- Born: John Hampton Slate 1913 Wind Gap, Pennsylvania, U.S.
- Died: September 19, 1967 (aged 53–54) Flower Hill, New York, U.S.
- Other name: John H. Slate
- Education: Columbia University (BA, LLB)
- Occupation: lawyer
- Employer: Skadden Arps Slate Meagher & Flom
- Known for: co-founding Skadden Arps Slate Meagher & Flom
- Spouse: Mary Ellen Sams Slate
- Children: Kathy (Kate) Slate, Megan Lloyd Slate, Nancy Hampton Slate, John Hampton Slate III

= John Slate =

American lawyer

John Hampton Slate (1913 – September 19, 1967) was an American aviation lawyer and founding partner of Skadden, Arps, Slate, Meagher & Flom.

==Early life and education==
Slate was born in Wind Gap, Pennsylvania, in 1913. His father was a civil engineer who worked in South America and left Slate with the wife's parents, who taught him Welsh before he spoke English. The family moved to Pittsburgh and Brooklyn, where he graduated from high school.
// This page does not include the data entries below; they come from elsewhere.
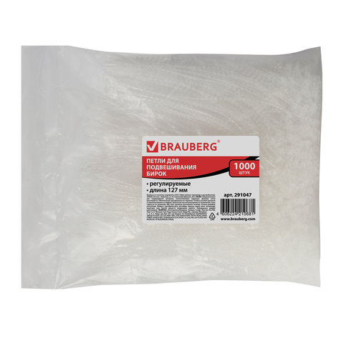 Петли для подвешивания бирок, регулируемые, 127 мм, комплект 1000 шт., BRAUBERG, 291047
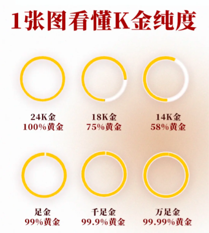 k金是按照黄金的纯度而划分的,k金分为1k~24k
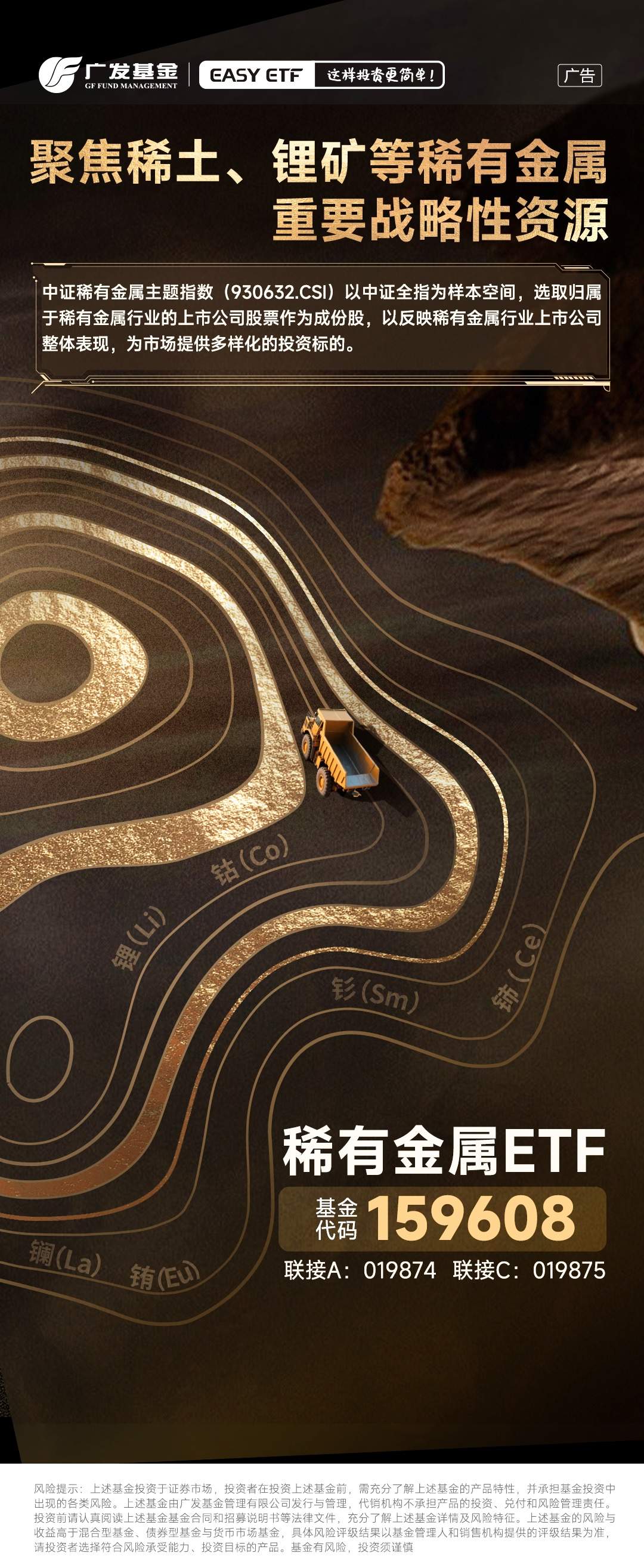 一键布局稀土+有色,稀有金属ETF(159608,联接A/C类019874/019875)跟踪中证稀有金属主题指数,指数样本聚焦不超过50家业务涉及稀有金属采矿、冶炼和加工的上市公司证券。截至2月24日,该指数申万三级前10大行业(及权重)分别为稀土(15.1%)、铜(14.1%)、锂(13.4%)、其他小金属(11.5%)、钨(8.0%)、钴(7.3%)等;前十大权重股覆盖洛阳钼业、北方稀土、华友钴业、盐湖股份、赣锋锂业、厦门钨业等资源龙头,前十大权重股合计占比近60%。
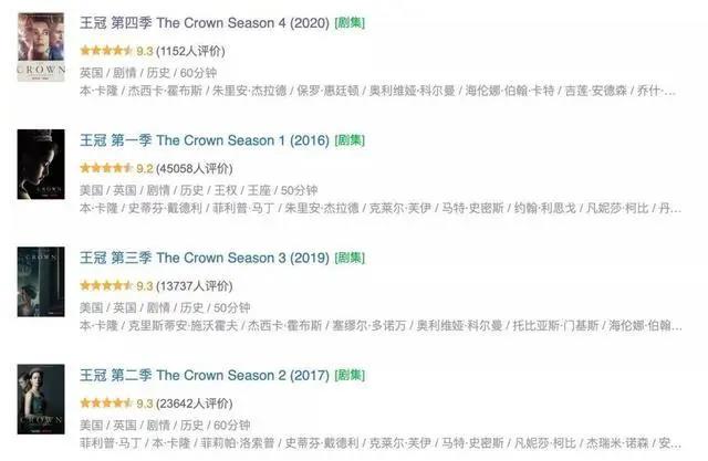 2016年,一部名为《王冠》的历史系列剧在Netflix平台播出。该剧以伊丽莎白二世为中心,讲述了她从1952年登基成为女王之后,在个人、政治等领域发生的故事,目前已播出四季,均收获超过9.0的高分。
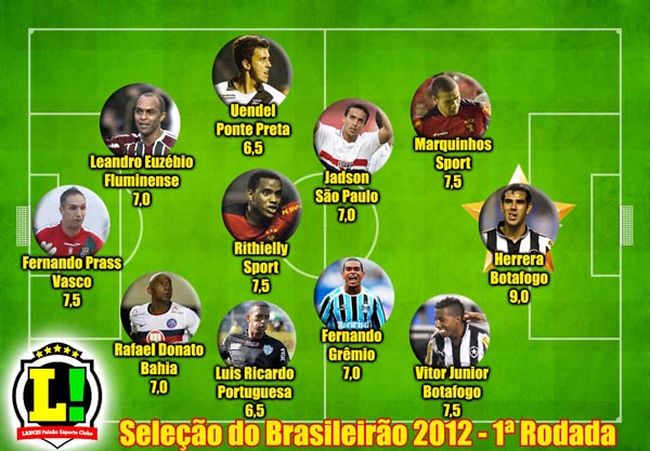 Confira a seleção da rodada: Fernando Prass (Vasco), Luis Ricardo (Portuguesa), Rafael Donato (Bahia), Leandro Euzébio (Fluminense) e Uendel (Ponte Preta); Rithelly (Sport), Fernando (Grêmio), Jadson (São Paulo) e Vitor Júnior (Botafogo); Marquinhos (Sport) e Herrera (Botafogo). Técnico: Oswaldo de Oliveira (Botafogo).

Slate received an A.B. from Columbia College in 1935, graduating Phi Beta Kappa, and as salutatorian of his class.

He joined the board of Jester of Columbia, where he worked with Ralph de Toledano, Ad Reinhardt, Herman Wouk, and Robert Lax. He also befriended Thomas Merton, who hired him as legal advisor.
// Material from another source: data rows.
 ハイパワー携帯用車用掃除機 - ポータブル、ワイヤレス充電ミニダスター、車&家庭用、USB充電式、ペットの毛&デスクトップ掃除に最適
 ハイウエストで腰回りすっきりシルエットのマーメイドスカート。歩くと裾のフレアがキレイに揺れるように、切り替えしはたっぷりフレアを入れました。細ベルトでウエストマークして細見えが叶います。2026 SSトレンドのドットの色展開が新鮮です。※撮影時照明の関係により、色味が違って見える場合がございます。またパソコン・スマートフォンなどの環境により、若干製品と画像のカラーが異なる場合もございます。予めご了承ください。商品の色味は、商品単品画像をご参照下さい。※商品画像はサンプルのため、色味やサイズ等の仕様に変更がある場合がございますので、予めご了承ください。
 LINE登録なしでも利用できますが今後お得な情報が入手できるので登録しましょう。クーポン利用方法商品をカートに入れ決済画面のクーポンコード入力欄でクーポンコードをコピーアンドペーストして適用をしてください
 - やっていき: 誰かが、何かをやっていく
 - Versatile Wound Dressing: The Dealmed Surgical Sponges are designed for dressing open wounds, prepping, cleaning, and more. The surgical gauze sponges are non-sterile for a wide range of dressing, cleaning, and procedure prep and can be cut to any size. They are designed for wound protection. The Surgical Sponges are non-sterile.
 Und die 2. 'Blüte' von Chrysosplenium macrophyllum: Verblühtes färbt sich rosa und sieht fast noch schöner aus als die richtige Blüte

Slate turned down a partial scholarship from Harvard Law School and received a law degree from Columbia Law School in 1938. He was an editor of the Columbia Law Review and was admitted to the New York State Bar the year he graduated from law school.

==Career==
In 1938, he became an associate of Root, Clark, Buckner & Ballantine in New York.

In April 1948, Slate co-founded Skadden Arps Slate Meagher & Flom with lawyers Marshall Skadden and Les Arps. Skadden won a coin toss with Slate and had his name become the shorthand of the firm. Slate's field was aviation law and brought in Idlewild Airport as his first client. However, the bulk of his work was for the general counsel of Pan-American World Airways, Henry Friendly, who later became circuit judge on the United States Court of Appeals for the Second Circuit. Slate's work for Pan Am represented half of the firm's annual income, eventually leading to other airline work such as with Aeronaves De Mexico, and clients that included a former President of Mexico.

In 1952, Slate was a special Assistant Attorney General of New York and from 1954 to 1957, he was a member of the United States Air Fleet Advisory Group.

== Personal life ==
Described as mischievous, moody, and conspicuously informal, Slate contributed humorous pieces to Fortune, The Atlantic Monthly, and The Saturday Evening Post.

==Death==
Slate died of a heart attack on September 19, 1967, in St. Francis Hospital in Flower Hill, New York. He was survived by his widow, Mary Ellen Sams Slate, three daughters (Kathy, Megan, and Nancy), and a son, John Hampton Slate III, a graphic artist.